Available data
──────────

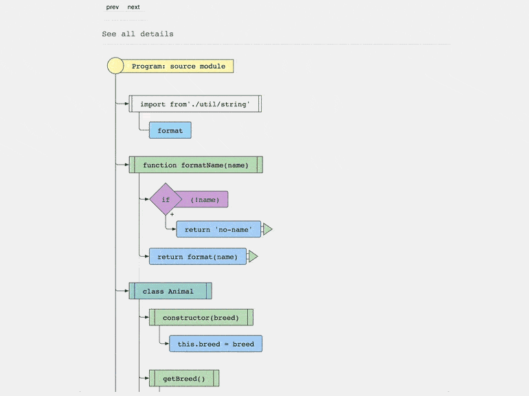 js2flowchart — open-source-библиотека для визуального разбора JavaScript-кода. Она преобразует исходный код в блок-схему, которая наглядно отображает последовательность выполнения программы, условные операторы (if/else, switch), циклы (for, while, do while) и вызовы функций. Такая визуализация может пригодиться при рефакторинге унаследованного кода, адаптации новых разработчиков в проекте, создании технической документации и прочего.
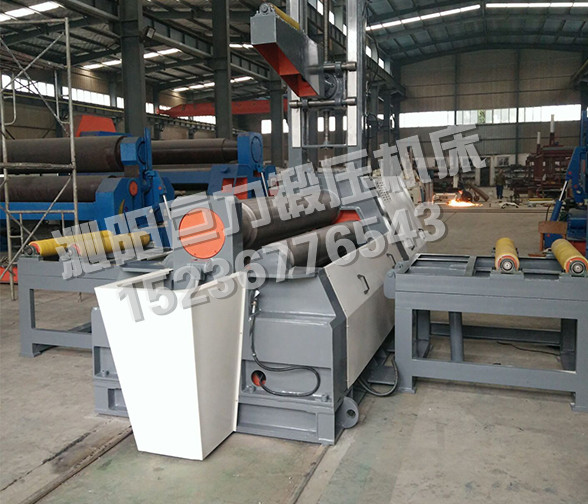 該四輥卷板機與對稱三輥卷板機比較,它可以不借助其它設備模具,直接予彎板材端部,而且剩余直邊較小;它可以不使板材調頭,而卷成工件。
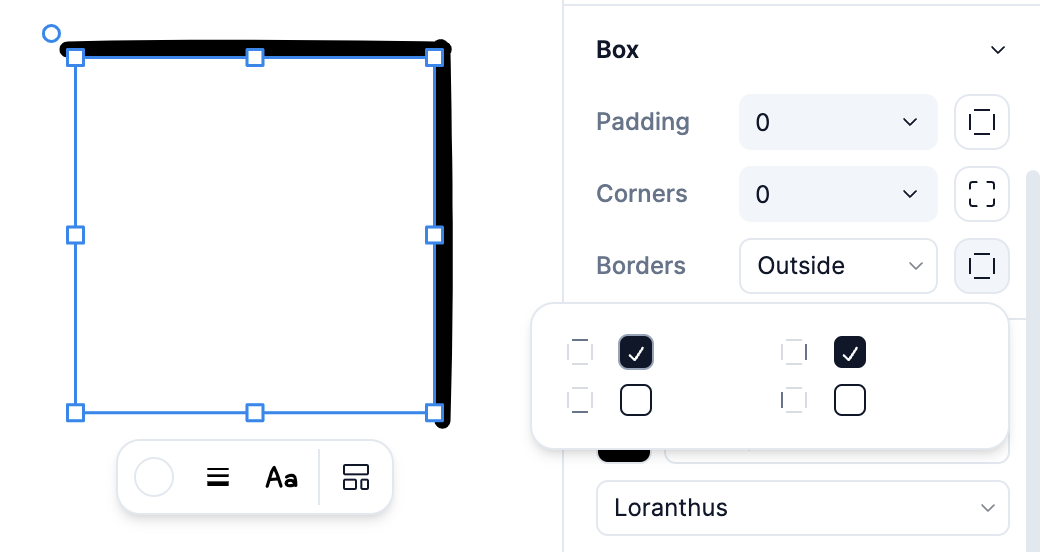 You can now selectively display borders in all four directions, as well as determine the position of the border. You can choose whether to draw the border inside the boundary or at the center or outside. Additionally, you can specify whether to draw the border for each direction: top, bottom, left, and right.

──────────

What is being asked
Could you reproduce the listing above word for word while leaving out its pictures?

Reply to the exercise
 js2flowchart — open-source-библиотека для визуального разбора JavaScript-кода. Она преобразует исходный код в блок-схему, которая наглядно отображает последовательность выполнения программы, условные операторы (if/else, switch), циклы (for, while, do while) и вызовы функций. Такая визуализация может пригодиться при рефакторинге унаследованного кода, адаптации новых разработчиков в проекте, создании технической документации и прочего.
 該四輥卷板機與對稱三輥卷板機比較,它可以不借助其它設備模具,直接予彎板材端部,而且剩余直邊較小;它可以不使板材調頭,而卷成工件。
 You can now selectively display borders in all four directions, as well as determine the position of the border. You can choose whether to draw the border inside the boundary or at the center or outside. Additionally, you can specify whether to draw the border for each direction: top, bottom, left, and right.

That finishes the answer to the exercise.